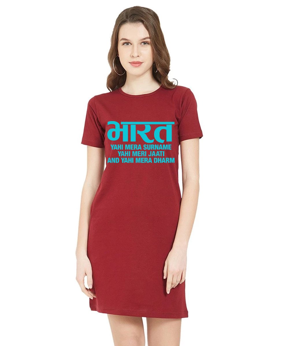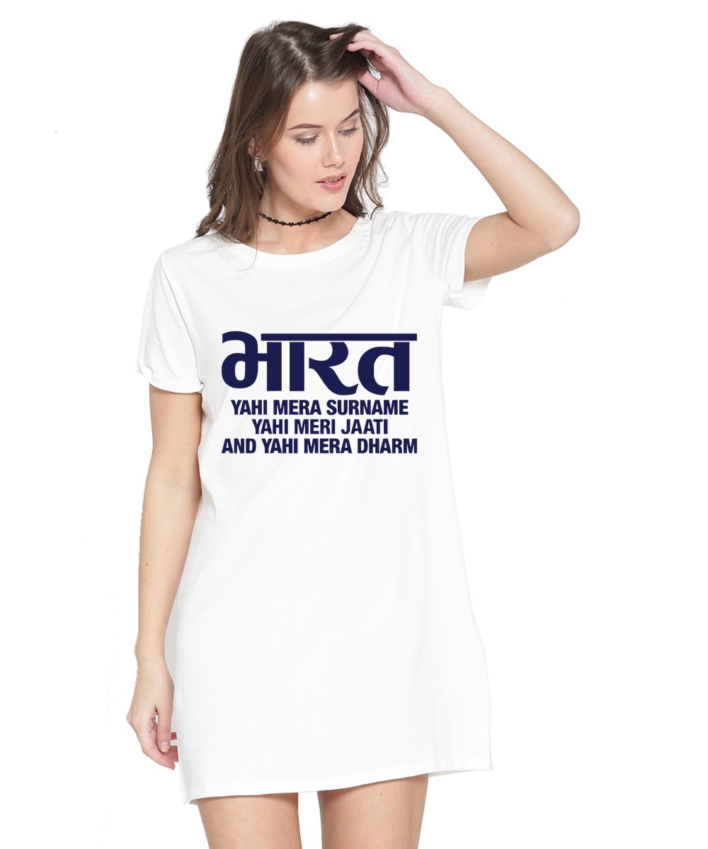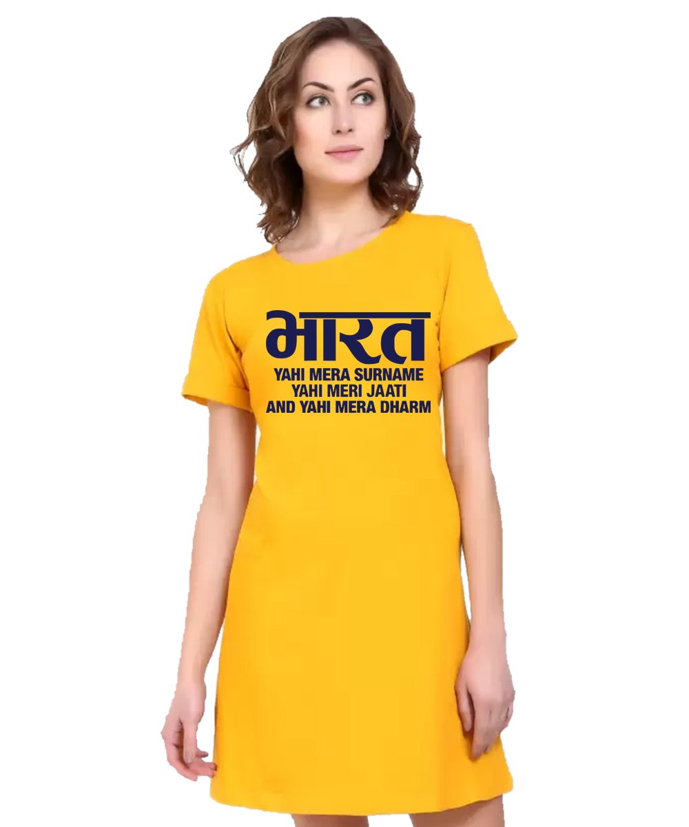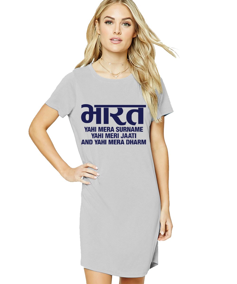 Caseria Women's Cotton Biowash Graphic Printed T-Shirt Dress with side pockets - Bharat Surname
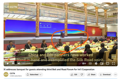 而且從一帶一路的歡迎晚宴視頻內,習近平的空位旁邊不是大淫婦彭麗媛,是兩位男性。這和成都大運會歡迎宴會,大淫婦彭麗媛在演講臺下正中不一樣。
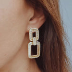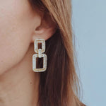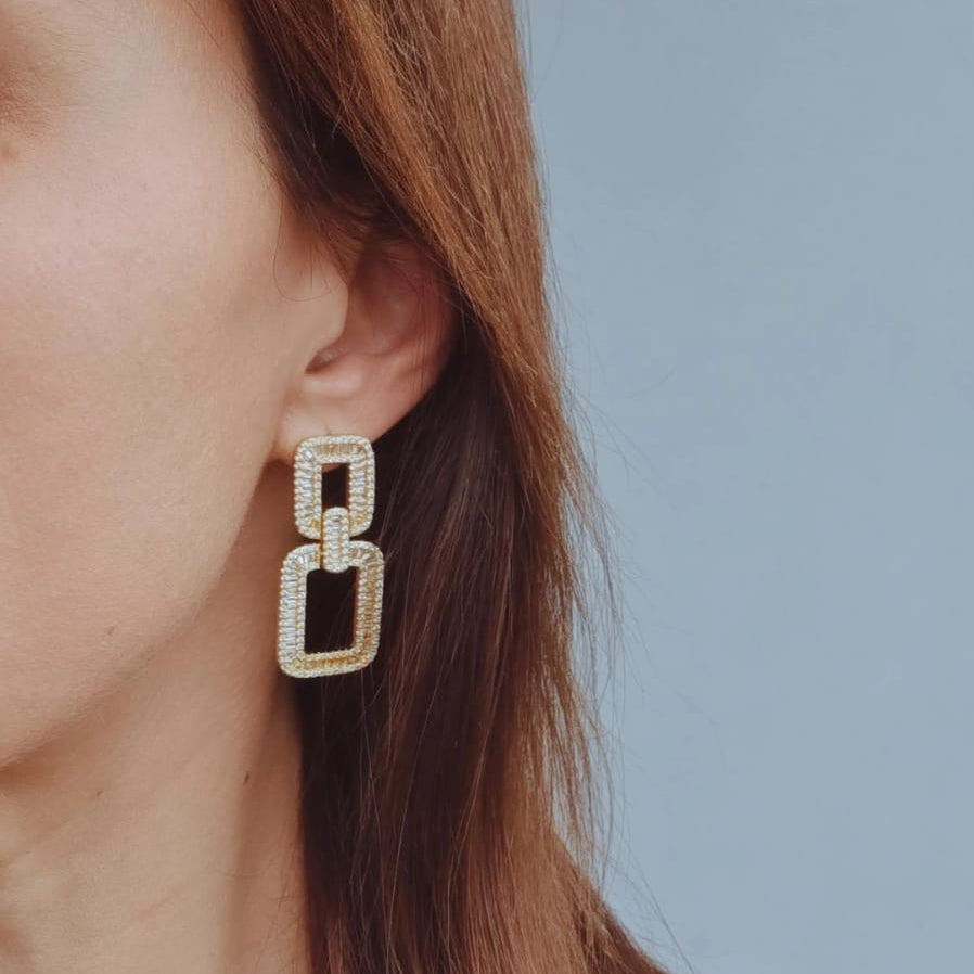 The Linkden Earrings feature two rectangular halos adorned with clear stones. The shiny halo of stones around them adds a luxurious touch, making these earrings perfect for elevating any outfit. Whether you’re attending a formal event or a casual outing.
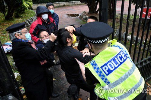 (런던=연합뉴스) 최윤정 특파원 = 영국 주재 중국 영사관 앞에서 시위하던 홍콩인을 폭행한 혐의를 받는 총영사 등 중국 외교관 6명이 수사를 받지 않고 영국을 떠났다.
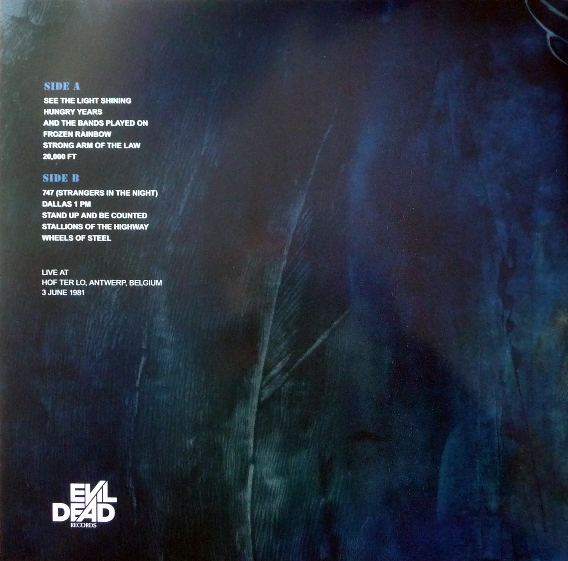 A1. See the Light Shining A2. Hungry Years A3. And the Bands Played On A4. Frozen Rainbow A5. Strong Arm of the Law A6. 20,000 Ft B1. 747 (Strangers in the Night) B2. Dallas 1 PM B3. Stand Up and Be Counted B4. Stallions on the Highway B5. Wheels of Steel
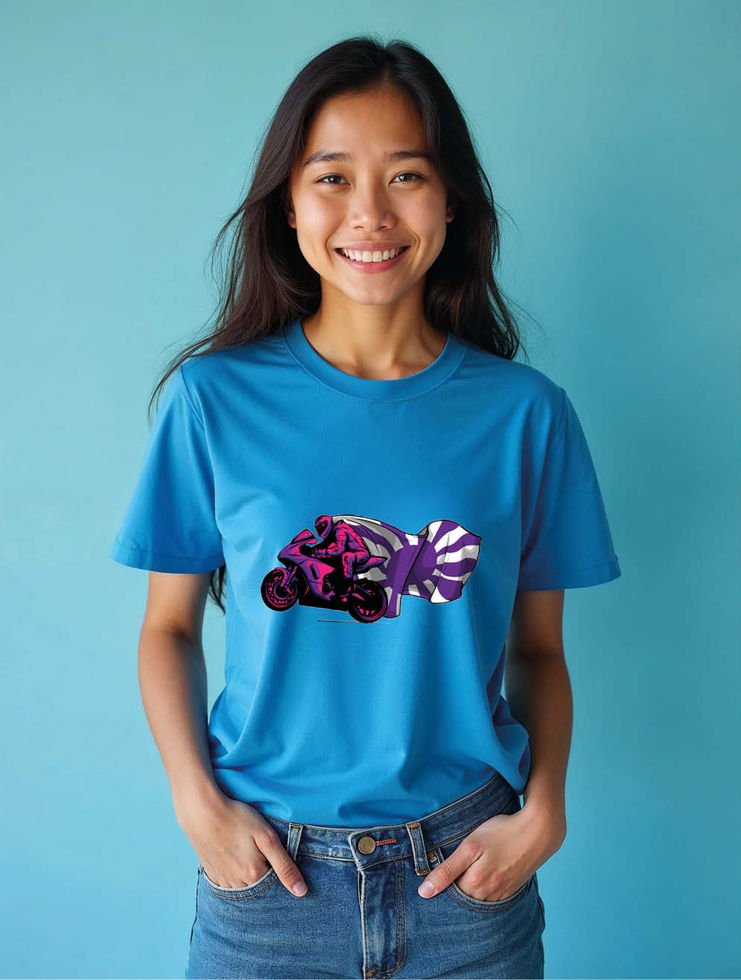 Motorcycle Racer with Purple and White Checkered Speed Flag Trendy Women’s Tees
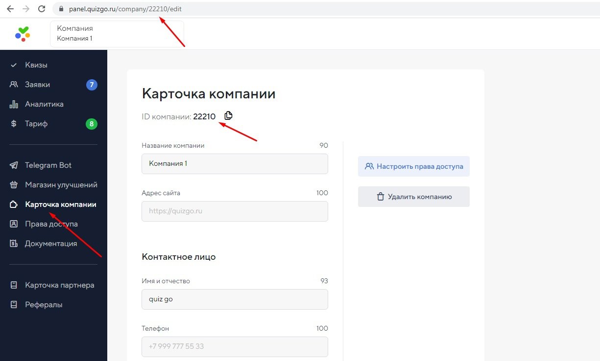 ID компании куда переносим квиз можно узнать нажав на вкладку «Карточка компании» либо в адресной строке нужной компании
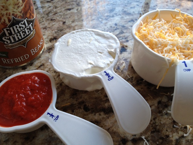 1. Mix beans, red pepper puree, sour cream, and cheese in a bowl.
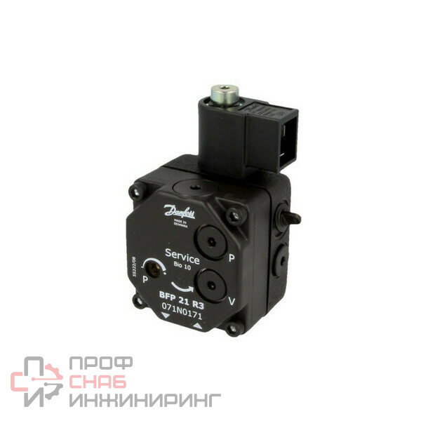 Насос для горелки Danfoss BFP53R8 071N6230 перекачивает топливо под давлением 7-15 бар. Заводская настройка – 10 бар. Применятся для сборки средних горелок с расходом до 110 л/ч. Рабочей средой является бензин, керосин и другое легкое топливо вязкостью не более 12 сСт

**Your objective**. Copy out the whole listing exactly, and don't carry over any pictures.

**Response area**.
 Caseria Women's Cotton Biowash Graphic Printed T-Shirt Dress with side pockets - Bharat Surname
 而且從一帶一路的歡迎晚宴視頻內,習近平的空位旁邊不是大淫婦彭麗媛,是兩位男性。這和成都大運會歡迎宴會,大淫婦彭麗媛在演講臺下正中不一樣。
 The Linkden Earrings feature two rectangular halos adorned with clear stones. The shiny halo of stones around them adds a luxurious touch, making these earrings perfect for elevating any outfit. Whether you’re attending a formal event or a casual outing.
 (런던=연합뉴스) 최윤정 특파원 = 영국 주재 중국 영사관 앞에서 시위하던 홍콩인을 폭행한 혐의를 받는 총영사 등 중국 외교관 6명이 수사를 받지 않고 영국을 떠났다.
 A1. See the Light Shining A2. Hungry Years A3. And the Bands Played On A4. Frozen Rainbow A5. Strong Arm of the Law A6. 20,000 Ft B1. 747 (Strangers in the Night) B2. Dallas 1 PM B3. Stand Up and Be Counted B4. Stallions on the Highway B5. Wheels of Steel
 Motorcycle Racer with Purple and White Checkered Speed Flag Trendy Women’s Tees
 ID компании куда переносим квиз можно узнать нажав на вкладку «Карточка компании» либо в адресной строке нужной компании
 1. Mix beans, red pepper puree, sour cream, and cheese in a bowl.
 Насос для горелки Danfoss BFP53R8 071N6230 перекачивает топливо под давлением 7-15 бар. Заводская настройка – 10 бар. Применятся для сборки средних горелок с расходом до 110 л/ч. Рабочей средой является бензин, керосин и другое легкое топливо вязкостью не более 12 сСт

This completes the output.